In the following cases,determine whether the given planes are parallel or perpendicular,and in case they are neither,find the angle between them:
$4x + 8y + z - 8 = 0$ and $y + z - 4 = 0$

(D) The direction ratios of the normal to the planes $A_1x + B_1y + C_1z + D_1 = 0$ and $A_2x + B_2y + C_2z + D_2 = 0$ are $(A_1, B_1, C_1)$ and $(A_2, B_2, C_2)$ respectively.
The planes are parallel if $\frac{A_1}{A_2} = \frac{B_1}{B_2} = \frac{C_1}{C_2}$.
The planes are perpendicular if $A_1A_2 + B_1B_2 + C_1C_2 = 0$.
The angle $\theta$ between the planes is given by $\cos \theta = \left| \frac{A_1A_2 + B_1B_2 + C_1C_2}{\sqrt{A_1^2 + B_1^2 + C_1^2} \sqrt{A_2^2 + B_2^2 + C_2^2}} \right|$.
For the given planes $4x + 8y + z - 8 = 0$ and $0x + y + z - 4 = 0$:
$A_1 = 4, B_1 = 8, C_1 = 1$ and $A_2 = 0, B_2 = 1, C_2 = 1$.
Check for perpendicularity: $A_1A_2 + B_1B_2 + C_1C_2 = (4)(0) + (8)(1) + (1)(1) = 0 + 8 + 1 = 9 \neq 0$. Thus,they are not perpendicular.
Check for parallelism: $\frac{A_1}{A_2} = \frac{4}{0}$ (undefined),$\frac{B_1}{B_2} = 8$,$\frac{C_1}{C_2} = 1$. Since the ratios are not equal,they are not parallel.
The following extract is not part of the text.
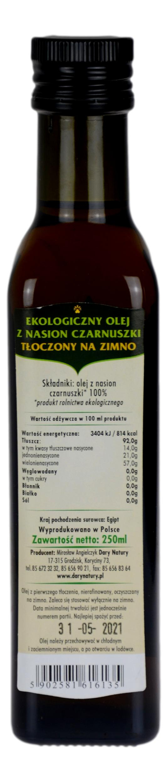 Ekologiczny, tłoczony na zimno olej z czarnuszki z rośliny Nigella Sativa jest używany od wieków. Nasiona czarnuszki zawierają ponad 100 cennych składników odżywczych, w tym znaczne proporcje białka, węglowodanów i niezbędnych kwasów tłuszczowych, które są budulcem komórek. Aktywnymi składnikami czarnuszki są Nigellone, Thymoquinone i Thymol. Nasiona czarnuszki zawierają również kwas linolowy, kwas oleinowy, wapń, potas, żelazo, cynk, magnez, selen, witaminę A, witaminę B, witaminę B2, niacynę i witaminę C. Olej z nasion czarnuszki pozyskiwany jest w 100% z wyselekcjonowanych nasion pochodzących z ekologicznych upraw, zachowując najwyższe standardy podczas zbioru. Olej jest następnie ekstrahowany jednokrotnie w technologii tłoczenia na zimno. Zapewnia to najwyższą jakość extra virgin, wolną od jakichkolwiek dodatków i konserwantów.

Calculate the angle: $\cos \theta = \left| \frac{9}{\sqrt{4^2 + 8^2 + 1^2} \sqrt{0^2 + 1^2 + 1^2}} \right| = \left| \frac{9}{\sqrt{16 + 64 + 1} \sqrt{2}} \right| = \left| \frac{9}{9 \times \sqrt{2}} \right| = \frac{1}{\sqrt{2}}$.
Therefore,$\theta = \cos^{-1}\left(\frac{1}{\sqrt{2}}\right) = 45^{\circ}$ or $\frac{\pi}{4}$ radians.